Çocuklar sahip olduklarının kıymetini
bilerek büyümelidir. Oyuncaklarını bilerek ve isteyerek kıran çocuklara
sürekli yenisini alarak ödüllendirmek, onun sorumluluklarını geliştirmesine de
engel olacaktır.
Başka bir örnekte de evin
içerisinde umarsızca ses çıkartarak, komşuları sürekli rahatsız eden bir
çocuğun böyle bir hakkı olmadığı ona anne ve babası tarafından söylenmelidir.
Bu söylenmediği sürece çocuk bu davranışın normal olduğunu sanarak ve onay
almış gibi bunu içselleştirerek, bir süre sonra bu tür şeyleri kendinde hak
görmeye başlar.
Bugün çocuğunuza nerede
duracağını söylemezseniz, örneğin yarın çocuğunuzun “kırmızı ışıkta
durmayacağını” ben size söyleyebilirim!
Tuttuğunu kopartan insan!..
Kulağa hoş geliyor olmalı.
Hele de çocuğunuzun tuttuğunu kopartması nasıl da etkileyici değil mi?
Oyun oynayan çocuklar
arasında oyuncağı “zorla” çekip alan çocuk, ailesinin de onayını alıyor mu?
Oyuncağı “kaptıran” çocuğun ailesi çocuklarının ezildiğini düşünüyor mu? Kendi
çocuklarının da baskın olmasını istiyor mu? Hatta bunun için çocuklarına baskı
yapıyor mu?
Bu satırları okuyan
deneyimli anne ve babaların yazılanları ne çok yaşadıklarını biliyorum. Herkesin
kendi anlayış, duygu ve yapılarına göre farklı davranmış olduğuna da eminim.

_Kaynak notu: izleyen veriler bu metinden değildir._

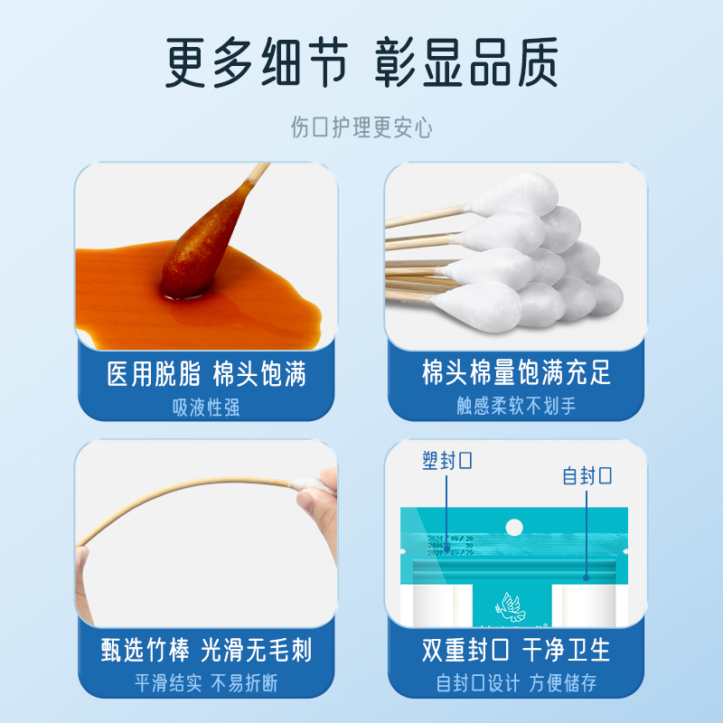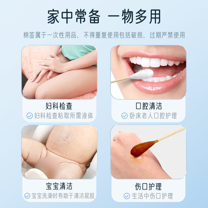 海诺医用大棉签20cm妇科产妇用无菌一次性棉头消毒大头长棉棒棉花

Mutlak doğrusu belki de yok ama arkadaşlarına saygı duymadan oyuncağı çekip
alan çocuğa doğru bir şey yapmadığı söylenmezse, bir süre sonra bu çocuk, her
şeyi zorla alabileceğini de kendinde hak görecektir. Tam tersine elindeki
oyuncağı alınan çocuğun bastıracağı duygusu ise fırsat bulduğunda veya yetişkinliğinde
egosuna yenik düşerek açığa çıkacak ve baskın davranmasına neden olacaktır.
Demek ki her iki türlü de çocuklarımızla konuşmamız gerekmektedir. “Tuttuğunu
koparma”nın içerisinde bir şeyleri bozarak elde etmenin doğru olmadığı, böyle
bir durumla karşılaşılmaması için arkadaş ve çevre seçiminin ne kadar önemli olduğu
öncelikle anlatılmalıdır. Elbette yaşam bu kadar kontrol edilebilecek bir şey
değildir ama olumsuzluklara karşı reflekslerin neler olabileceğini özellikle
çocuklara aktarmak gerekir.
“Köpek ayağınızı ısırırsa
köpeğin ayağını ısırmazsınız.”
Ne
olursa olsun medeniyetten uzaklaşılmaması gerektiği öğretilmelidir.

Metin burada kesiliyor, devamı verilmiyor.